Why I’m Avoiding AI and How You Can Join Me
The Environmentalist from Hell has many reasons for wanting nothing to do with lying, lazy, energy-and-water-guzzling AI.
Protestors carry signs at a QuitGPT protest in San Francisco on March 4, 2026.
Artificial intelligence. AI—specifically generative AI or “genAI”—is frickin’ everywhere these days. It’s in your Google searches. It’s listening to your Zoom and Teams calls at work. It’s all over the Meta platforms you use to communicate with friends and look at videos of fluffy dogs in hats. You can’t open anything online and not run into it. And it’s mostly garbage junk that’s killing the environment and ruining your brain.
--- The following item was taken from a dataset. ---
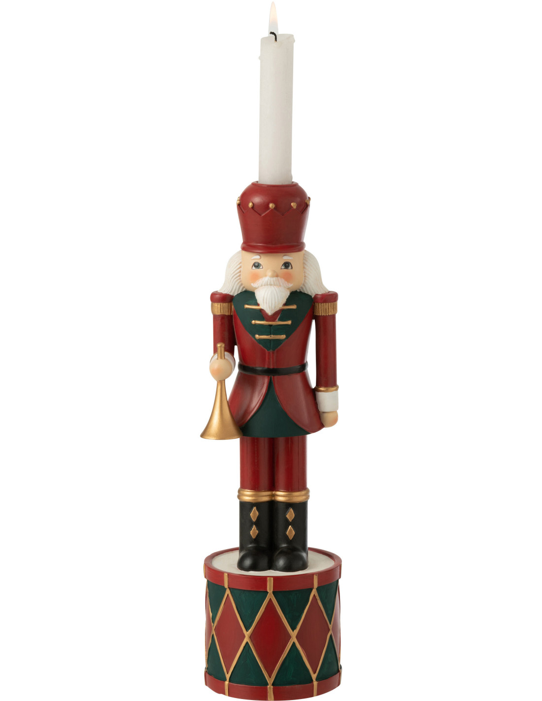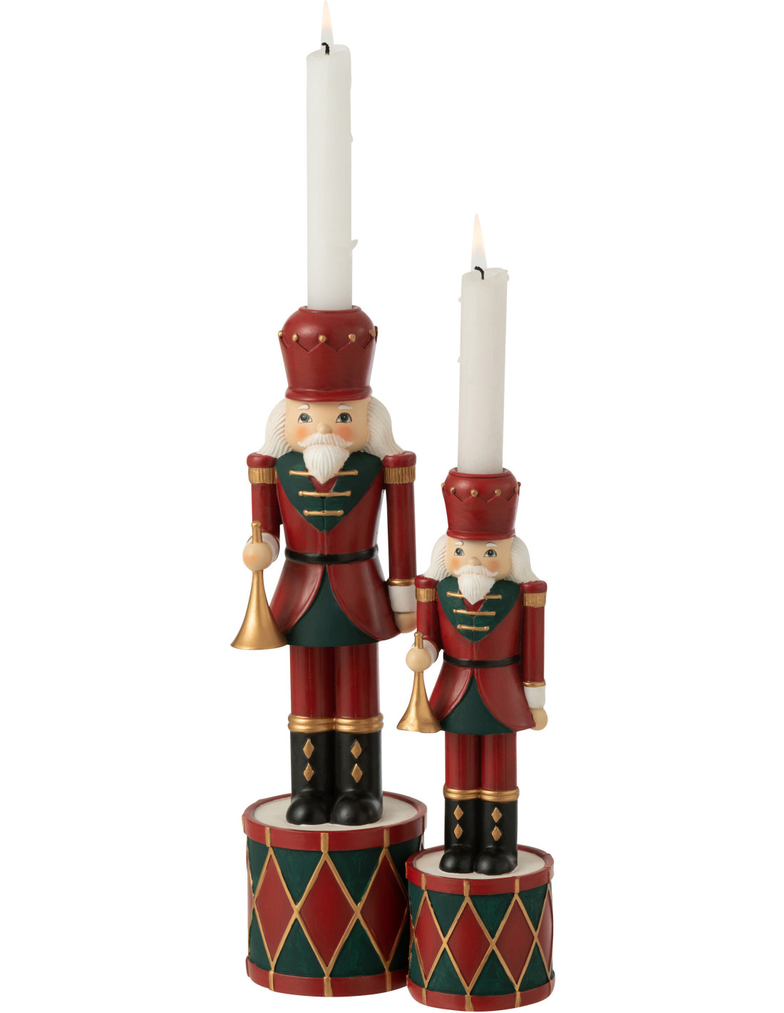 Bougeoir sur pied Casse-noisette Hauteur 35 cm en Résine Rouge Vert
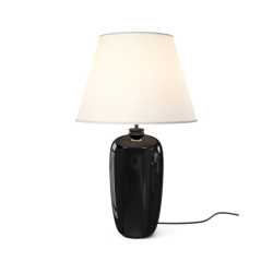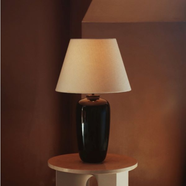 Valasimen keraaminen jalka tuo kontrastia napakan pellavaiselle varjostimelle. Varjostin suodattaa valon kauniisti, ja Torso-pöytävalaisin luo pehmeän lempeää valoa ympärilleen.

I’m going to assume that if you’re someone who reads Asparagus Magazine, you care about the environment, and you already get the ick whenever you come across AI. But in case you’re someone who feels neutral—or, God forbid, kinda likes this futuristic world we’re stumbling into—allow me to rant about all the ways I think it’s terrible so you can learn something that wasn’t generated by a large language model (LLM), including some tips on how to avoid AI’s encroachment on everyday activities.
By now you’ve probably heard that AI uses a lot of water. But what exactly does that mean? In simple terms, computers get hot, so to keep the servers running their futuristic AI models from overheating, our tech overlords have come up with an old-timey strategy to cool these fields of computers (a.k.a. data centres): water. Specifically fresh water, the stuff we drink, wash our dishes and clothes with, and need to sustain life in modern society.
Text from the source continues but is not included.